ClinicalTrials.gov – a Three-Part Series

https://www.fda.gov/drugs/news-events-human-drugs/clinicaltrialsgov-three-part-series?utm_medium=email&utm_source=govdelivery The U.S. Food and Drug Administration’s (FDA’s) Center for Drug Evaluation and Research (CDER) Small Business and Industry Assistance (SBIA) is announcing the availability of an on-demand, three-part series on ClinicalTrials.gov. In these webinars, the FDA provides a general overview of ClinicalTrials.gov and relevant definitions, laws, and regulations for complying with ClinicalTrials.gov registration and requirements for submitting results. Participants will gain an understanding of the role and responsibilities of the CDER and with respect to ClinicalTrials.gov oversight.

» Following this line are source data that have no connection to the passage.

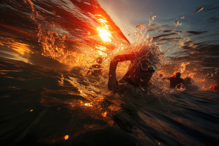 Close-up of surfer catching a wave under golden sunset, capturing movement, thrill, and the spirit of ocean adventure.
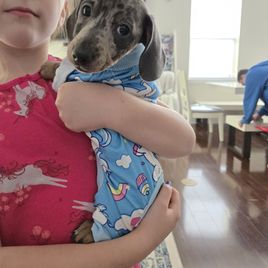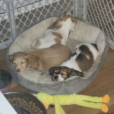 Julie was the perfect match for me as a breeder! She was knowledgeable and so attentive to sharing many updates on the puppy’s growth throughout the process and how their personality was developing. She was so kind to send us home with a whole goodie bag of information on training, toys, treats, and a special blanket to remind my puppy of her momma. I am a first time dog owner and first to buying from a breeder and I can’t imagine the process going any smoother. The dogs are clearly well socialized with Julie’s other pets at home, as well as her kids. It is pertinent to say that the puppies come from a loving and safe environment for the first 8 weeks of their lives! I LOVE K Rae’s Dauchsands!
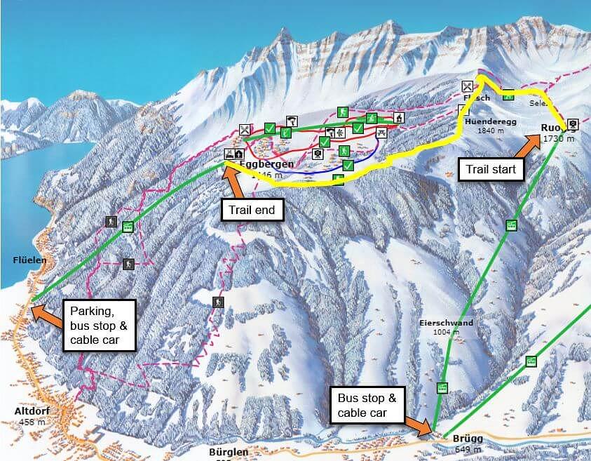 Eggberge is a ski resort located in Altdorf, Switzerland, offering 8 km of diverse slopes for both beginners and experts. The resort boasts a 1254-meter-long ski lift and is situated at an elevation of 1450-1800 meters above sea level. The area is easily accessible via a cable car and features a boutique hotel and restaurant, Berggasthaus Eggberge, which offers stunning views of the surrounding mountains and Urnersee lake.

They will also hear examples of compliance and enforcement activities CDER has taken to encourage compliance. Topics Covered: FDA’s roles and responsibilities with respect to ClinicalTrials.gov oversight An overview of ClinicalTrials.gov definitions, laws, and regulations An overview of CDER’s compliance and enforcement activities with respect to ClinicalTrials.gov requirements, including case examples Additional Details: The webinar series is free, and no registration is required. The intended audience includes sponsors, sponsor-investigators and clinical investigators designated as responsible for submitting registration and results information to ClinicalTrials.gov.